Hence, buying NFO isn’t recommended unless your investment strategy requires investment in such an avenue.
Things to look for before investing in NFO
NFO represents a great opportunity to find lucrative havens amidst the noise. However, to cut the right deal, you need to look into these critical aspects.
Theme of investment
For investing in an NFO, there needs to be a strong reason. Either it should give you exposure to an unexplored asset class or a unique investment strategy. Otherwise, you would be better off to invest in the existing mutual fund schemes.

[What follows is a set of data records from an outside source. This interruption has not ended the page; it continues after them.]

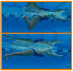 caderas estarán cerca de la superficie del agua al igual que las piernas, juntas, en extensión y con los pies en flexión plantar. La cabeza se mantiene sumergida e inclinada hacia adelante.
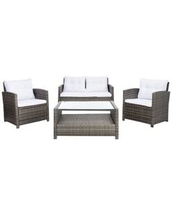 - Lifes a beach, and with this Vellor Living Set youll be sure to bring the relaxed coastal lifestyle to the porch or patio. Vellor comes with two armchairs and one loveseat in black and topped with plush beige cushions, enticing you to find the perfect arrangement around its glass topped coffee table.
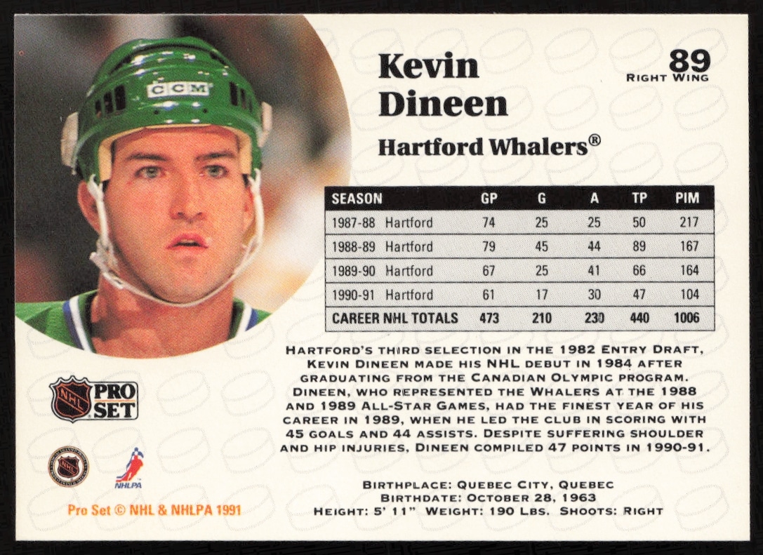 This Hockey card, from 1991-92 is part of the Pro Set NHL card set. Kevin Dineen is featured and has a card number of 89.
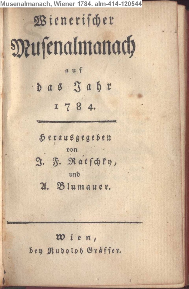 Wienerischer / Musenalmanach, / auf / das Jahr / 1784. / Herausgegeben / von / J. F. Ratschky, / und / A. Blumauer. / Wien, / bey Rudolph Gräffer
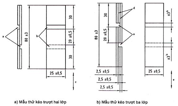 e) loại mẫu được sử dụng, nghĩa là hai lớp hoặc ba lớp, hướng của lớp giữa (xem 5.2.2) và kích thước của vùng cắt liên kết khi được gia công;
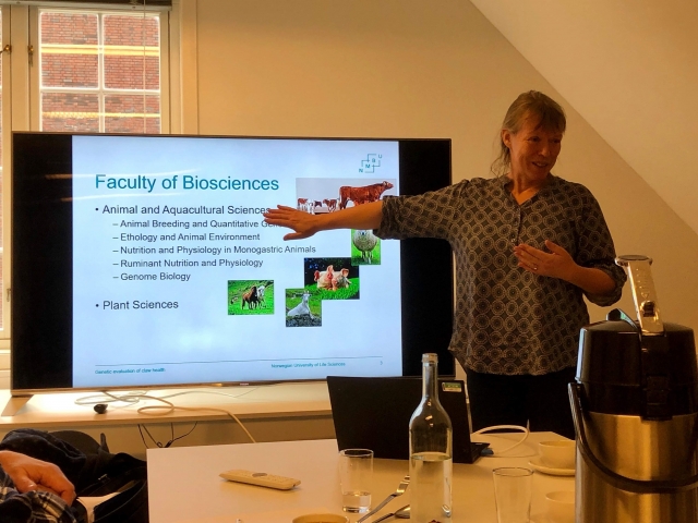 Метою візиту було обговорення можливостей співпраці по спільному гранту з питань селекції та генетики в молочному скотарстві. Інтереси наших норвезьких колег представляли Трігве Солберг – представник компанії ,,Гено-глобал”, Амунд Маклебаст- координатор проекту, Бьорг Херінгстад - професор підрозділу з розведення та кількісної генетики факультету біологічних наук університету.
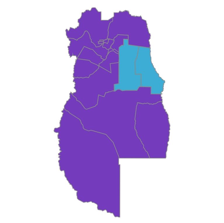 Esos dos municipios son Santa Rosa y La Paz. Las únicas dos comunas del mapa que aparecen pintadas de celeste en una provincia con clara preponderancia del violeta.
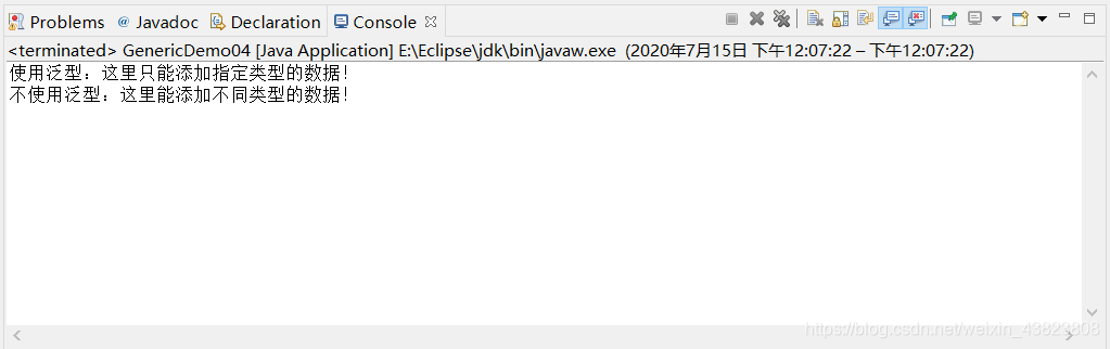 class GenericClass<E> { private E name; public void setName(E name) { this.name=name; } public E getName() { return this.name; } } public class GenericDemo04 { public static void main(String[] args) { //使用泛型,限定该类的数据类型为String类 GenericClass<String> name1=new GenericClass<String>(); name1.setName("使用泛型:这里只能添加指定类型的数据!"); String str1=name1.getName(); System.out.println(str1); //不使用泛型,该类的数据类型默认为Object类 GenericClass name2=new GenericClass(); name2.setName("不使用泛型:这里能添加不同类型的数据!"); Object obj1=name2.getName(); System.out.println(obj1); } }

ETFs usually use this pitch to draw in investors towards subscriptions. Take the case of Motilal Oswal N-100 ETF which came up with the idea of giving exposure to NASDAQ as the underlying.
Background of the NFO
It would be highly beneficial to carry out a background check before going for the NFO. You may examine past performance of the fund manager. Additionally, you may analyse the history of the asset management company.
Investment Style of the NFO
Every mutual fund scheme operates on one of the three investment styles, i.e. value, growth or blend. Each style has implication on the risk-return profile of the fund.
While going for an NFO, you need to ensure that investment style is explicitly mentioned. There should be no ambiguity as regards the choice of asset classes and asset allocation.
The fund history would give you an idea whether the fund house sticks to its investment style or not.
Cost of NFO
Warren Buffet has rightly opined, “Price is what you pay & value is what you get.”
If something is available for cheap, it need not be valuable. Especially during bull markets, you will find everything expensive.
AMCs consider this as the best time to cash in the opportunity. They tend to launch NFOs which are way cheaper than stocks. The offer price of NFO is far less than the market price of stocks.
Amidst this market exuberance, investors tend to miss out on one thing. Unlike one-time brokerage involved in equities, mutual funds investment involves recurring cost.
It comes by way of expense ratio which the fund house charges annually. Empirically, it has been found that AMCs can reduce expense ratio as the fund size grows.
Before investing in an NFO, examine it from the standpoint of cost. You can review your NFO’s scheme information document. It will give you an outlook whether the AMC has a good track record.
Is it able to bring down expense ratios of its other schemes? It requires a bit of hard work from your end as well. To get the additional help you can contact your adviser. In other cases, you may glance through past fact sheets in case you are going for a direct plan of the NFO.
Actively or passively managed
A fund can be actively or passively managed.
A passively-managed fund tries to imitate the underlying benchmark like a NIFTY or SENSEX. It means the fund never beats the benchmark. The only novelty which an NFO can bring to the table is a lower expense ratio vis-a-vis the existing funds.
As regards active funds, these attempt to beat the benchmark. If an NFO gives you a lower alpha (i.e. the excess return), you are better off with an existing fund.
Seek out an NFO which gives you a higher alpha on a consistent basis.
Investing in an NFO is never regarded as a wise proposition. Unless your investment strategy says so or you are getting exposure to a new asset class, you should never invest in an NFO.